> [Task directions]: From the line that has "La 3° Municipalità" down to the last line of the data below, set down every line exactly, but none of the pictures.

> [Recorded data]:

.....

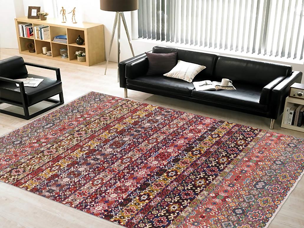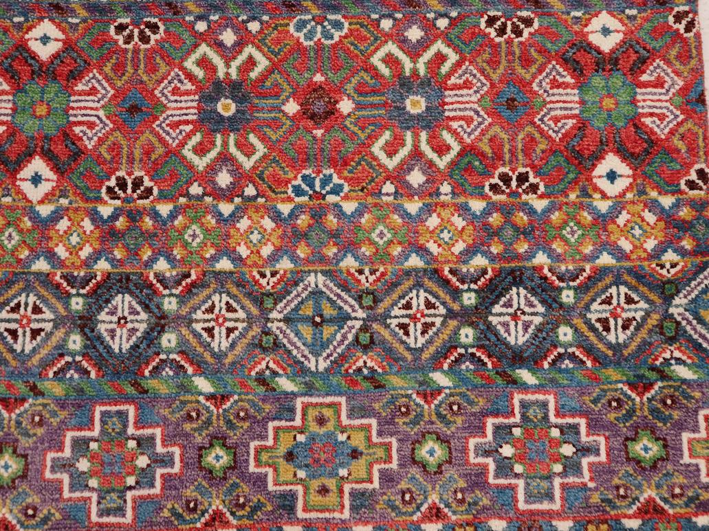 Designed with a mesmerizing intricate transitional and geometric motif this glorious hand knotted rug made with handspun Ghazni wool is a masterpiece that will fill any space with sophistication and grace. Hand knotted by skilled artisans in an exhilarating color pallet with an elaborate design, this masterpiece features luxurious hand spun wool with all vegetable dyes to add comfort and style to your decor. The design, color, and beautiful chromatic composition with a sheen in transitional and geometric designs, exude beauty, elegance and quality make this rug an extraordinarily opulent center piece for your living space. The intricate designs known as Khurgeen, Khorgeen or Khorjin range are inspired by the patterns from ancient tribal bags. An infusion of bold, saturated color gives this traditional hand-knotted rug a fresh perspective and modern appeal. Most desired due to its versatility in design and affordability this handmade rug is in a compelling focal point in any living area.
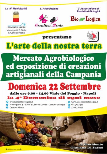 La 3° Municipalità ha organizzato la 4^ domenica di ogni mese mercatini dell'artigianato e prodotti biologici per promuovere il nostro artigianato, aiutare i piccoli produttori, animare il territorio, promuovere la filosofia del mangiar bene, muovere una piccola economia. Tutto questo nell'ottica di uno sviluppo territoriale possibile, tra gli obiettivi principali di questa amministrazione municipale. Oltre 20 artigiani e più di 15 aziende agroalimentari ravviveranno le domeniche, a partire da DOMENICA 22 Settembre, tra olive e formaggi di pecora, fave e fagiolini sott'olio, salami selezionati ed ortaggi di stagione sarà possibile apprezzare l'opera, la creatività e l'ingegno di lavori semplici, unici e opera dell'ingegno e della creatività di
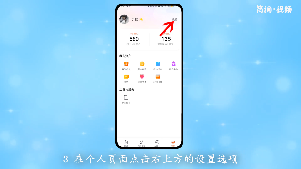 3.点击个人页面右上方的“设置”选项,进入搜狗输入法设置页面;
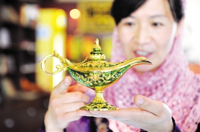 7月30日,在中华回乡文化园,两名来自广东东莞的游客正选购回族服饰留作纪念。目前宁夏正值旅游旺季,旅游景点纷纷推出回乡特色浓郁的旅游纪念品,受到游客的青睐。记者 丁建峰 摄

.....

> [Output for this exercise]:
 La 3° Municipalità ha organizzato la 4^ domenica di ogni mese mercatini dell'artigianato e prodotti biologici per promuovere il nostro artigianato, aiutare i piccoli produttori, animare il territorio, promuovere la filosofia del mangiar bene, muovere una piccola economia. Tutto questo nell'ottica di uno sviluppo territoriale possibile, tra gli obiettivi principali di questa amministrazione municipale. Oltre 20 artigiani e più di 15 aziende agroalimentari ravviveranno le domeniche, a partire da DOMENICA 22 Settembre, tra olive e formaggi di pecora, fave e fagiolini sott'olio, salami selezionati ed ortaggi di stagione sarà possibile apprezzare l'opera, la creatività e l'ingegno di lavori semplici, unici e opera dell'ingegno e della creatività di
 3.点击个人页面右上方的“设置”选项,进入搜狗输入法设置页面;
 7月30日,在中华回乡文化园,两名来自广东东莞的游客正选购回族服饰留作纪念。目前宁夏正值旅游旺季,旅游景点纷纷推出回乡特色浓郁的旅游纪念品,受到游客的青睐。记者 丁建峰 摄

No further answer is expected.